**** Extracted information

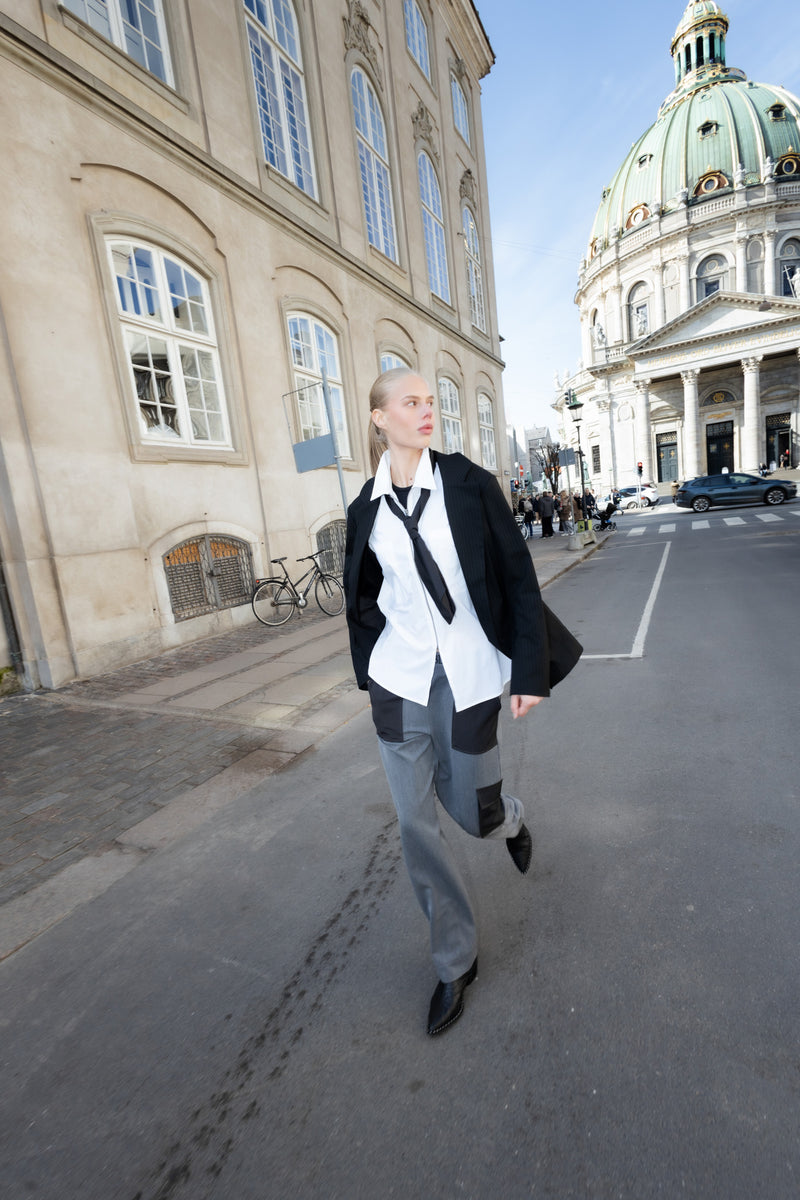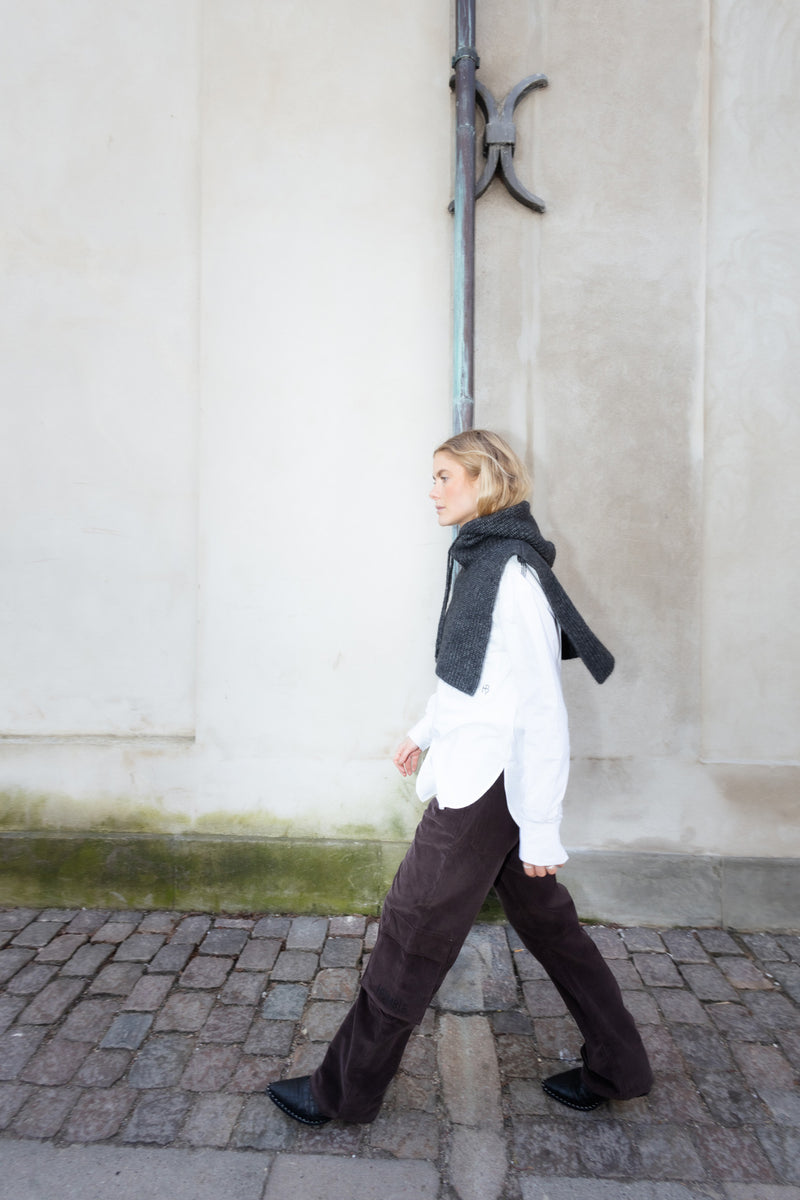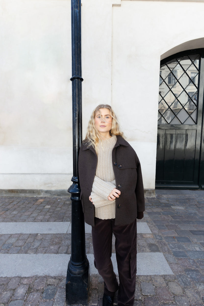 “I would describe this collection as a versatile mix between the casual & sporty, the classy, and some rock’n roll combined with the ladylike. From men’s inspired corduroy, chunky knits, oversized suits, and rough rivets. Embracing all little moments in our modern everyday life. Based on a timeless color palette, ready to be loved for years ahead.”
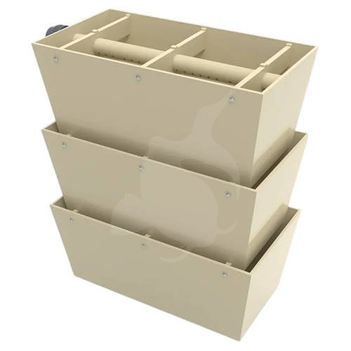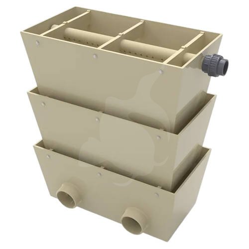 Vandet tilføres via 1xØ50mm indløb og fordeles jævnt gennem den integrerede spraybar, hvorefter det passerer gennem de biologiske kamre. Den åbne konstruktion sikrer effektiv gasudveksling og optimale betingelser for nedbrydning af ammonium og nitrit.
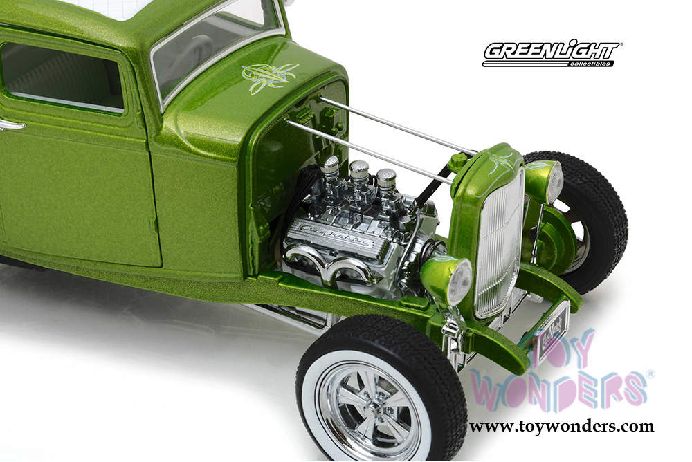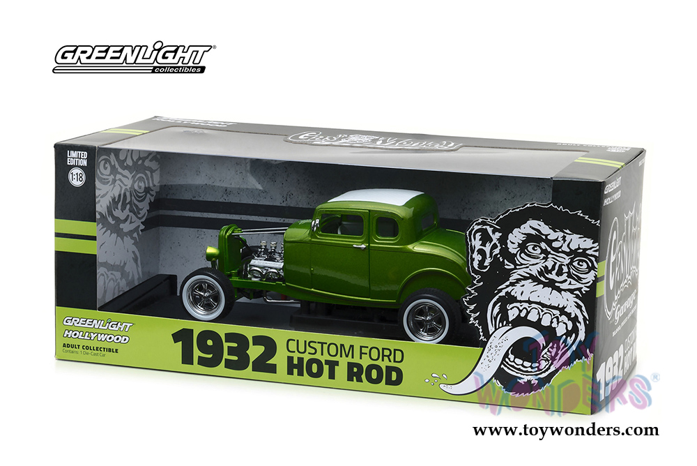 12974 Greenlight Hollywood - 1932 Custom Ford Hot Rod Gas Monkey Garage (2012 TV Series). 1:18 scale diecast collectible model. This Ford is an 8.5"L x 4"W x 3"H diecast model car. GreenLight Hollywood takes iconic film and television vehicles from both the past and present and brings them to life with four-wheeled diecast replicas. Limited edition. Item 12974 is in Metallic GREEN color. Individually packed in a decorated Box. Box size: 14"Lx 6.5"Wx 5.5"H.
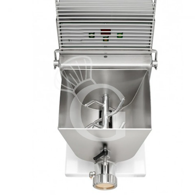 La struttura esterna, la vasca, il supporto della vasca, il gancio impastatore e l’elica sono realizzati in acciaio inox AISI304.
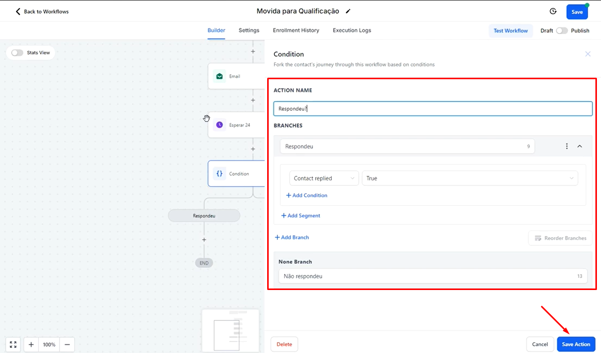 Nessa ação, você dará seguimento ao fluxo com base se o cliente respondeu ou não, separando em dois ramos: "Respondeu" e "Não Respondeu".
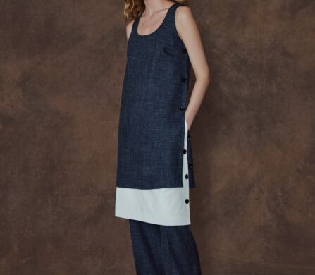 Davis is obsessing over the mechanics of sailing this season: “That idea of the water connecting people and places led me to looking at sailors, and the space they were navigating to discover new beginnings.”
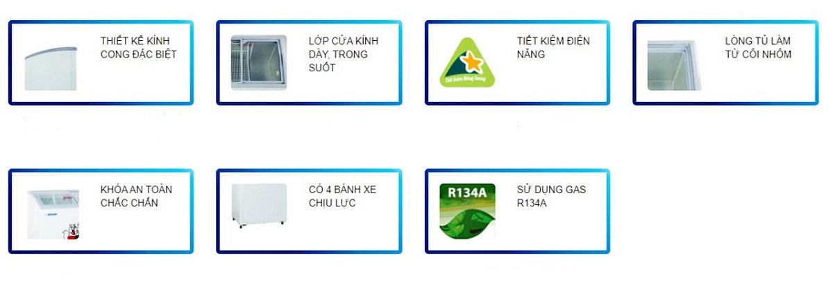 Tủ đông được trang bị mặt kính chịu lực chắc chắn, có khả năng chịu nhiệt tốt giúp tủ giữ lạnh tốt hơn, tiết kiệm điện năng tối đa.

********

▸ **Your objective**: From the entries above, write out every line without a single change, skipping the images.

▸ **Solution to this problem**:
 “I would describe this collection as a versatile mix between the casual & sporty, the classy, and some rock’n roll combined with the ladylike. From men’s inspired corduroy, chunky knits, oversized suits, and rough rivets. Embracing all little moments in our modern everyday life. Based on a timeless color palette, ready to be loved for years ahead.”
 Vandet tilføres via 1xØ50mm indløb og fordeles jævnt gennem den integrerede spraybar, hvorefter det passerer gennem de biologiske kamre. Den åbne konstruktion sikrer effektiv gasudveksling og optimale betingelser for nedbrydning af ammonium og nitrit.
 12974 Greenlight Hollywood - 1932 Custom Ford Hot Rod Gas Monkey Garage (2012 TV Series). 1:18 scale diecast collectible model. This Ford is an 8.5"L x 4"W x 3"H diecast model car. GreenLight Hollywood takes iconic film and television vehicles from both the past and present and brings them to life with four-wheeled diecast replicas. Limited edition. Item 12974 is in Metallic GREEN color. Individually packed in a decorated Box. Box size: 14"Lx 6.5"Wx 5.5"H.
 La struttura esterna, la vasca, il supporto della vasca, il gancio impastatore e l’elica sono realizzati in acciaio inox AISI304.
 Nessa ação, você dará seguimento ao fluxo com base se o cliente respondeu ou não, separando em dois ramos: "Respondeu" e "Não Respondeu".
 Davis is obsessing over the mechanics of sailing this season: “That idea of the water connecting people and places led me to looking at sailors, and the space they were navigating to discover new beginnings.”
 Tủ đông được trang bị mặt kính chịu lực chắc chắn, có khả năng chịu nhiệt tốt giúp tủ giữ lạnh tốt hơn, tiết kiệm điện năng tối đa.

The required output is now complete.